• **The task**
Starting with the line that contains "Packaging: 1pcs U-shaped", return every line through the end of the listing below exactly as written. Omit the pictures.

• **Data segment**
----------------

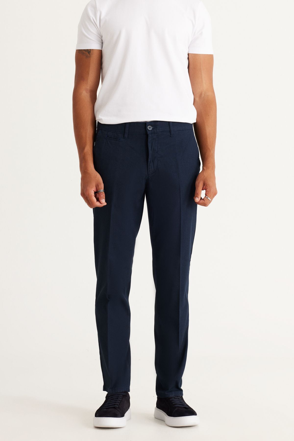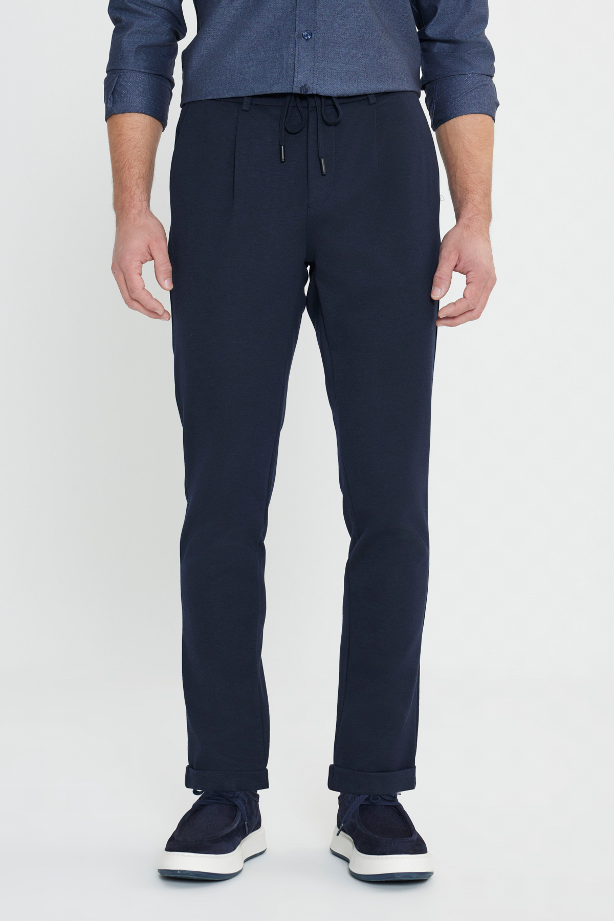 Erkek Lacivert Comfort Fit Rahat Kesim Yan Cepli Desenli Beli Lastikli Pantolon Erkek Lacivert Comfort Fit Rahat Kesim Yan Cepli Desenli Beli Lastikli Pantolon YDA012420027 62
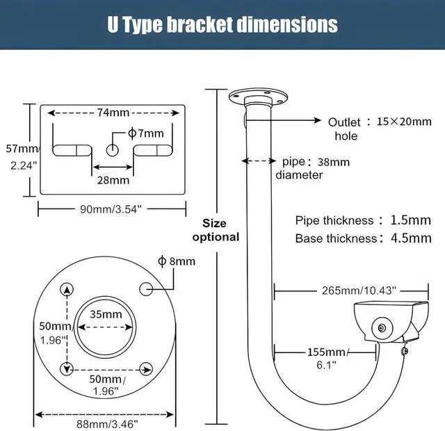 Packaging: 1pcs U-shaped camera bracket; Warm prompt: Camera is not included in the package. Disclaimer: The size is manually measured by hand, and there may be an error of 1-3MM.
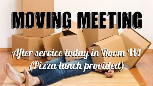 Pastor Peter will be leading a moving/packing/labeling meeting after service this week in Room W1. (Pizza lunch provided) This is open to anyone who's interested in helping out with packing, etc. for our impending move. He will be discussing the labeling system, process, and the upcoming timelines and moving order of things before we have to be out of our current building.
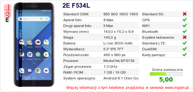 Dane telefonu 2E F534L na Twojej stronie

----------------

• **Result**
 Packaging: 1pcs U-shaped camera bracket; Warm prompt: Camera is not included in the package. Disclaimer: The size is manually measured by hand, and there may be an error of 1-3MM.
 Pastor Peter will be leading a moving/packing/labeling meeting after service this week in Room W1. (Pizza lunch provided) This is open to anyone who's interested in helping out with packing, etc. for our impending move. He will be discussing the labeling system, process, and the upcoming timelines and moving order of things before we have to be out of our current building.
 Dane telefonu 2E F534L na Twojej stronie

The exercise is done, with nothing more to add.